## WORK TASK
Write out the lines below exactly, beginning at the one with "去年,@卡卡Prancil在" and stopping after the one with "Certo dia Joaquim"; the pictures are not copied.

## EXERCISE INPUT
*****

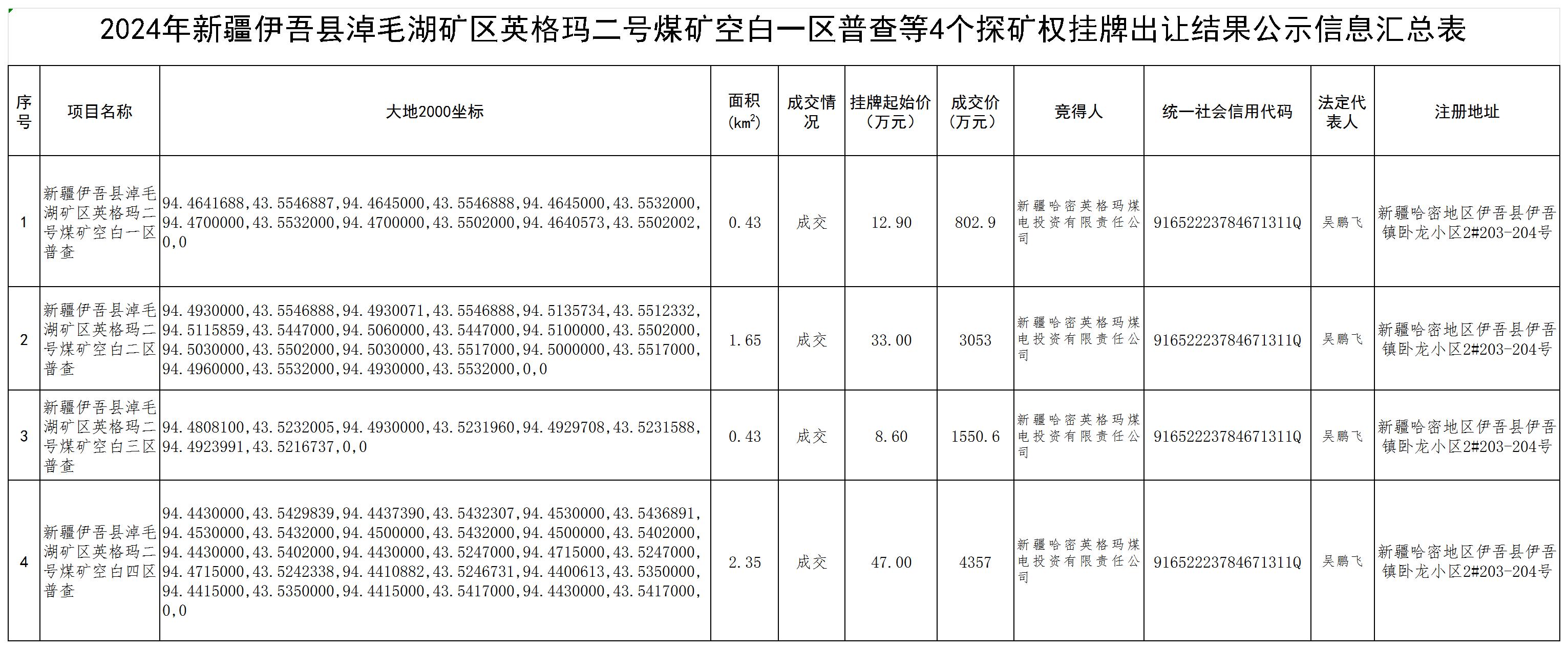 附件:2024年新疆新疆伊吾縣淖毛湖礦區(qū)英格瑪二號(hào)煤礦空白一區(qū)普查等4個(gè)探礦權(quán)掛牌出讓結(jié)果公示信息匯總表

*****

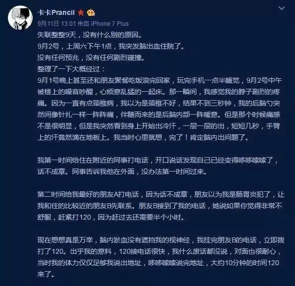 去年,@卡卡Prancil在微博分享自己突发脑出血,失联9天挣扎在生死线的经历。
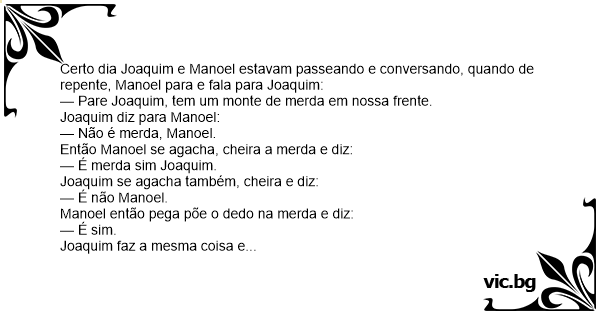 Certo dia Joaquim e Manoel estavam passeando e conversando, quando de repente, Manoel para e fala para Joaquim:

*****

## PROBLEM SOLUTION
 去年,@卡卡Prancil在微博分享自己突发脑出血,失联9天挣扎在生死线的经历。
 Certo dia Joaquim e Manoel estavam passeando e conversando, quando de repente, Manoel para e fala para Joaquim:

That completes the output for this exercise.